有価証券報告書によると2020年9月末時点の筆頭株主は、日本マスタートラスト信託銀行の信託口で7.90%。次いで日本カストディ銀行の信託口5.57%で、以降は5%以下となっている。尚、2020年5月1日受付の変更報告書によると、タワー投資顧問の保有割合が7.67%となったこと<、2021年5月21日受付の変更報告書によると三井住友トラスト・アセットマネジメントと共同保有者の保有割合が7.80%となったこと、2020年7月20日受付の変更報告書によると、野村アセットマネジメントと共同保有者の保有割合が6.95%となったことが報告されている。また、2021年1月5日更新のコーポレート・ガバナンス報告書によると、外国人株式保有比率は30%以上である

取締役会

取締役は6名(社内3名、社外3名)、監査役は3名(社内1名、社外2名)、監査役会設置会社である。社内取締役は全員プロパーである

代表取締役の経歴

取締役社長代表取締役の井上真一氏は1966年10月生まれ。北海道大学大学院工学研究科修了後、1992年4月同社へ入社し、2011年4月厚木開発M開発部ゼネラルマネージャーへ就任。その後、取締役開発本部副本部長、取締役営業本部長を歴任後、2016年6月より現職。尚、同氏の前任牧野次郎氏は創業家出身で31年間社長職を務めていた

報告セグメント

同社の報告セグメントは販売体制を基礎とした所在地別に分類され、Ⅰが毎期のフライス製作所が担当する日本、韓国、中国、大洋州、ロシア、ノルウェー、イギリスおよびⅡ~Ⅳに含まれない地域。Ⅱはシンガポール現地法人が担当する中国、ASEAN諸国、インド。Ⅲは米国現地法人が担当する南北アメリカ全ての国。Ⅳはドイツ現地法人が担当するノルウェーを除くヨーロッパ大陸全ての国となっている。2021年3月期第3四半期売上高78,101百万円のセグメント別構成比は、Ⅰが29.3%、Ⅱが36.1%、Ⅲが28.1%、Ⅳが6.5%と海外比率が高い。コロナ禍の影響で全セグメントが前年同期比減収となっているが、特にⅠ、Ⅲ、Ⅳの影響が大きく、ⅠとⅣはセグメント損失計上となった。

事業モデル

工作機械の製造を行い、国内外の顧客に販売する。生産拠点は国内に3拠点、海外はアジアに3拠点、販売拠点は国内17ヶ所、42拠点の体制。マシニングセンタ(工具を自動で選択・交換ができ、穴あけや面削り等複数の加工を1台でこなす)が同社の主力商品で、機種別売上高では50%を超える。また自動車や航空機部品メーカー向けの加工機械製造を得意とする。海外事業の特色として、ローカルの人材を積極登用し、マーケティングから設備投資まで全ての意思決定の権限を海外子会社に移譲している。

競合他社

工作機械を手掛ける競合として、6103オークマ(2020年3月期売上高1,720億円)、6141DMG森精機(2020年12月期売上高3,282億円)などが挙げられる

連結の範囲

連結子会社は36社と多く、国内6社と、海外30社で構成される。

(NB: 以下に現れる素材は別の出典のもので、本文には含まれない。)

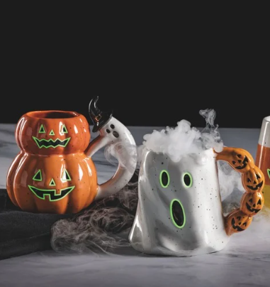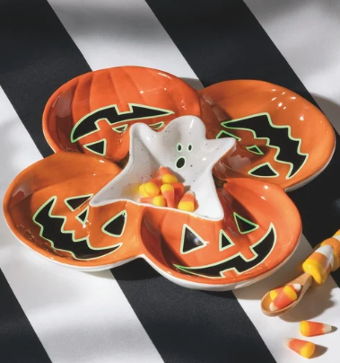 Make gifting easy by displaying Halloween bowls, platters, jars, and towels with wrapped candy to inspire quick, grab-and-go hostess gifts.
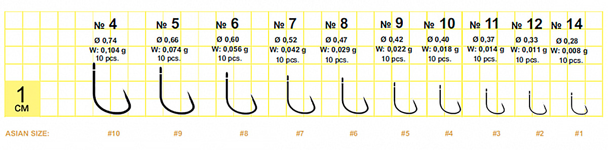 | № EU | Код каталогу | Діаметр дроту, мм | Вага гачка, г | К-сть гачків |

主要な子会社は、同社製品の販売および一部製品の設計、製造を行うマキノジェイ株式会社、同社製品の修理・販売等を行う株式会社牧野技術サービス、シンガポールにて原材料・部品の調達を行うMAKINO RESOURCE DEVELOPMENT PTE LTDなどである。

強み・弱み

高い技術力を有し、要求精度が非常に高い航空機部品の加工や、サブミクロン単位の精度が求められる医療器具やスマホ用カメラレンズの金型加工などに強みを持つ。また、海外進出に積極的で、1970年代からアメリカとヨーロッパに、そこに現在はアジアを加えた3極体制を築き、受注を獲得してきた。一方で、海外売上比率が高いため為替変動影響が大きいほか、顧客の設備投資に依存するため、顧客の設備投資意欲が同社業績を大きく左右する。

KPI

①日本工作機械工業会月次受注
②同社YouTubeチャンネルおよびHPのアクティブユーザ数(営業活動の一環として、2020/3/13~11/28の累計344,100人)
③為替(米ドル、ユーロ、シンガポールドルなど)

2021年3月期 第3四半期決算説明会資料

業績

10年間の業績は均して見れば右肩上がりの傾向にあり増収増益基調だが、顧客の設備投資以降に左右されるため、期によっては減収減益となり、2020年3月期もコロナ禍の影響を受け減収減益であった。自己資本比率は利益の留保により徐々に高まっており、2020年3月期は58.3%。フリーCFは毎期プラスを維持。